### A/B testing case study

Recent history shows that there are about 3250 unique visitors per day, with slightly more visitors on Friday through Monday than the rest of the week. There are about 520 software downloads per day (a .16 rate) and about 65 licenses purchased each day (a .02 rate). In an ideal case, both the download rate and license purchase rate should increase with the new homepage; a statistically significant negative change should be a sign to not deploy the homepage change. However, if only one of our metrics shows a statistically significant positive change we should be happy enough to deploy the new homepage.

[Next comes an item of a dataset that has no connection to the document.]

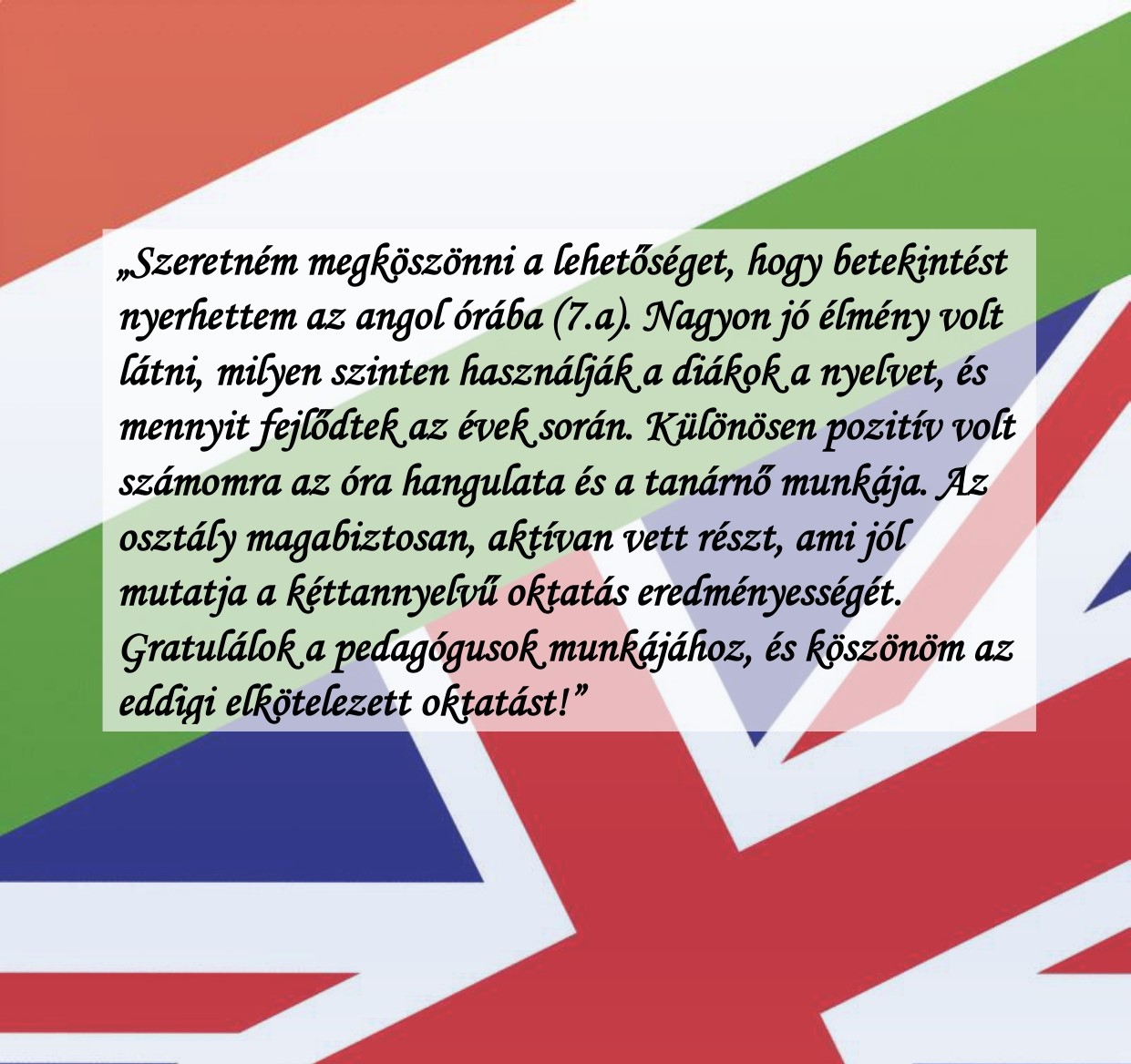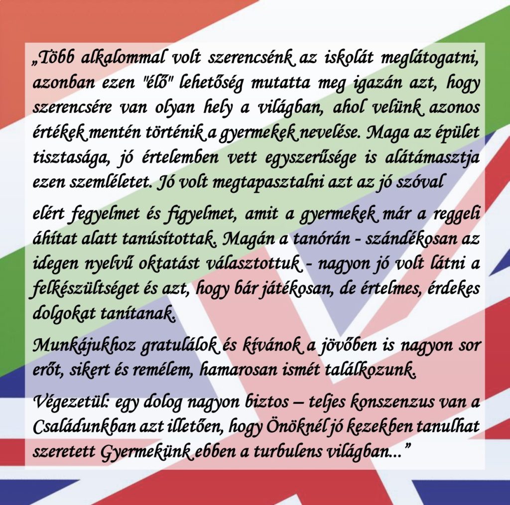 Az intézmény dolgozói igyekeztek olyan utat mutatni, ami az örök keresztény értékrend mentén halad. Külön felhívta a figyelmet a gyerekek számára a szülők és családtagjaik iránti köszönet és hála fontosságára, majd intézményvezetőként külön kiemelve megköszönte Horváth Zsuzsanna és Belsőné Baranyi Gizella osztályfőnököknek odafigyelő munkájukat.
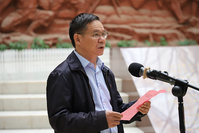 梁福沛在致辞中向基地的正式挂牌表示热烈祝贺,对关心、支持和参与实践教学基地建设的崇左市委宣传部副部长黄智庭及相关工作人员表示衷心感谢。他指出,实践教学基地的落成,是认真贯彻落实党中央号召,深入开展党史学习教育的具体体现,也是大力推进思想政治教育质量提升工程,促进课程育人、实践育人、文化育人建设的重要成果,标志着我校与地方“共建”“共育”“共享”的思政平台建设水平又登上一个崭新的台阶,思想政治理论课实践教学又迈出了坚实的一步。他强调,学校思政工作者要充分利用实践基地,完善教学方法,丰富教学内容,组织引领广大青年学生在基地开展实践学习,把老一辈无产阶级革命家在龙州起义的奋斗精神、奉献精神和红色基因不断传承下去,为中华民族伟大复兴积蓄磅礴力量。梁福沛希望双方以此为契机,把实践教学基地打造成桂林理工大学与崇左市的“连心桥”,在人才培养、科技创新、产学研结合、社会实践等方面加强合作交流,从而实现良性互动与合作共赢,在全面建成小康社会的道路上并肩同行,共创佳绩。

### Detecting Change in Downloads
Let's say that we want to detect an increase of 50 downloads per day (up to 570 per day, or a .175 rate). How many days of data would we need to collect in order to get enough visitors to detect this new rate at an overall 5% Type I error rate and at 80% power?

In [24]:
# write function that calculates total observations and days to run experiment

def experiment_days(p_null, p_alt, alpha = 0.05, beta = 0.2, obs_per_day = 3250):
    """
    This function calculates the number of days required to run an A/B test

    Parameters:
    null (float): the conversion rate under the null hypothesis
    alt (float): the conversion rate under the alternative hypothesis
    alpha (float): the significance level
    beta (float): the power of the test
    obs (int): the number of observations per day

    Returns:
    int: the number of days required to run the experiment
    int: the total number of observations required to run the experiment

    """
    import numpy as np
    from scipy import stats

    # defin parameters
    p_null = p_null
    p_alt = p_alt
    alpha = alpha
    beta = beta
    daily_visitors = obs_per_day

    # Adjust alpha for Bonferroni correction
    alpha = alpha / 2

    # Calculate Z-scores
    z_null = stats.norm.ppf(1 - alpha)
    z_alt = stats.norm.ppf(beta)

    # Calculate standard deviations
    sd_null = np.sqrt(p_null * (1 - p_null) + p_null * (1 - p_null))
    sd_alt = np.sqrt(p_null * (1 - p_null) + p_alt * (1 - p_alt))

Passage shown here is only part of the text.